Когда Грановский пришел на следующую лекцию, толпа была так велика, что он с трудом пробирался до кафедры; когда он поравнялся с Александром, тот встал с своего места и, почтительно поклонившись ему, сказал: «Дальше пройти нельзя — все занято». Находившиеся вблизи засмеялись, Грановский, улыбаясь и конфузясь, остановился на минуту, сказал несколько слов с Александром и стал пробираться дальше. Толпа, теснясь, расступалась, и молодой доцент взошел на кафедру. Его встретил гром рукоплесканий. Он ждал и не вдруг пришел в нормальное состояние.
В «Москвитянине» сделано было замечание Грановскому, почему он, читая о средних веках Европы, ничего не сказал о России? стоит со стороны западной науки и слышно, что намерен держаться Гегеля?{12}
Замечание «Москвитянина» заставило опасаться закрытия публичных лекций Грановского, тем больше, что увлечение публики росло. Желая предупредить это и оправдаться, на первой же лекции, после сделанного ему замечания, Грановский, обратясь к слушателям, сказал: «Считаю необходимым оправдаться перед вами: меня обвиняют в пристрастии к Западу; я взялся читать часть его истории и не вижу, почему должен читать ее с ненавистью. Запад кровавым потом выработал свою историю, плоды ее достались нам почти даром, нет права не любить ее. Если бы я взялся читать нашу историю — и в нее принес бы ту же любовь. Меня обвиняют в пристрастии к системам — я имею свои ученые убеждения, и только во имя их явился на этой кафедре. Рассказывать ряд событий и анекдотов не входило в мой план, проникнуть их мыслию…»{13} Рукоплескания не дали ему кончить речь и проводили из аудитории. Грановский в своих лекциях касался вопросов, волнующих душу. Когда он говорил о славянском мире, трепет пробегал по аудитории, слезы блестели на глазах.
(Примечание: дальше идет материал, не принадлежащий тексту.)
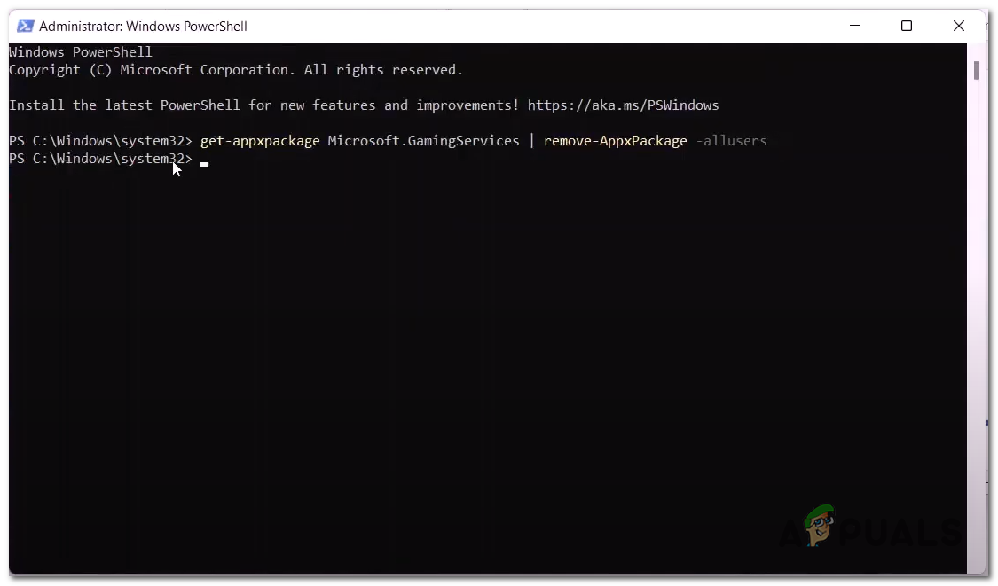 - Now, Paste the following command in the powershell terminal to uninstall the existing gaming services package.
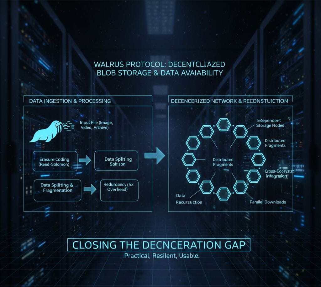 At its core, Walrus is a decentralized blob storage and data-availability network designed to handle large files images, video, archives, application data — in a way that feels usable for real products. It integrates tightly with Sui while remaining accessible from other ecosystems. Data is split using erasure coding, encoded into fragments, and distributed across independent nodes so the original file can be reconstructed even if parts of the network fail. Instead of fully replicating every file everywhere, Walrus accepts a roughly five-times storage overhead to achieve resilience more efficiently.

Грановский, сильно тронутый, благодарил просто, замолкал, когда речь его прерывалась рукоплесканиями, и кланялся. Крики, шум, аплодисменты, торжественный беспорядок, доценту жали руки — он вышел в лихорадке.
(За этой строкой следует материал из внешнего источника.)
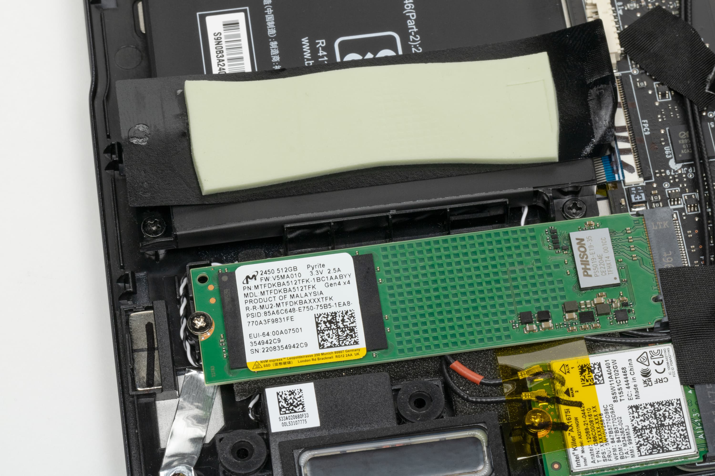 MSI Prestige 14 Evo A12M-248RU оснащен твердотельным накопителем Micron 2450 емкостью 512 ГБ, установленным в единственном доступном слоте M.2 (интерфейс PCIe Gen 4). На официальном сайте micron.com из полезной информации о нем можно найти лишь неполные спецификации да скорость последовательного чтения (3600 МБ/с).

Публика вкусила упоение всенародной, энергической речи. Друзья сделали Грановскому обед. Весело, шумно, пьяно окончился этот день.
Александр написал вторую статью о лекциях Грановского — и также просил графа Строганова напечатать ее в «Московских ведомостях». Граф отказал. Тогда Александр поместил ее в «Москвитянине», Она вышла в седьмом нумере 1844 года, 22 июля{14}.
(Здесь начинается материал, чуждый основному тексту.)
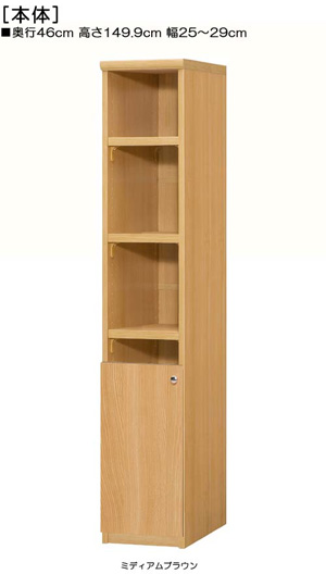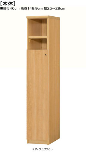 | ■外寸 | 奥行46cm×高さ149.9cm×幅25〜29cm (幅は1cm単位でオーダーできます) |
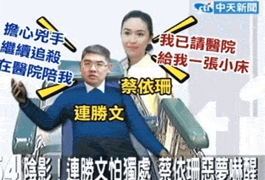 為了避免丈夫胡思亂想,獨自承擔太大的精神壓力,蔡依珊向臺大醫院申請了一張小床,想依丈夫的要求放在他的病房隨侍在側。蔡依珊表示,她現在已入院,晚上睡覺都會緊緊牽住連勝文的手;但這幾天她做夢老是夢到槍手,尖叫嚇醒。(中國臺灣網 馮存。

Публичные чтения Грановского кончились: в ушах моих еще раздается дрожащий от внутреннего волнения, глубоко потрясенный от сильного чувства голос, которым он благодарил слушателей, и дружный, громкий, продолжительный ответ, которым аудитория прогремела ему свою благодарность. «Благодарю еще раз, благодарю тех, которые, сочувствуя мне, разделили добросовестность моих ученых убеждений, благодарю и тех, которые, не разделяя их, с открытым челом, прямо и благородно высказывали мне свою противоположность!» Этими прекрасными словами заключил Грановский свой курс. Вы помните, что после первого чтения я решился назвать событием замечательным этот курс, — теперь я имею некоторое право сказать, что не ошибся. Участие к чтениям г. Грановского беспрерывно возрастало, его кафедра была постоянно окружена тройным венком дам, и заметьте, доцент читал свой предмет со всею важностью науки, не рассыпая ненужных цветов, не жертвуя глубиною для приятной легкости. Мне кажется, ничем не мог он более выразить своего уважения и благодарности слушательницам, посещавшим его чтения, — и они были ему признательны. Слава богу, проходит время того оскорбительного внимания к женщине, когда для неё, рядом с дельным изложением науки, излагали предмет намеренно искаженным образом, считая один мужеский ум способным к глубокомыслию.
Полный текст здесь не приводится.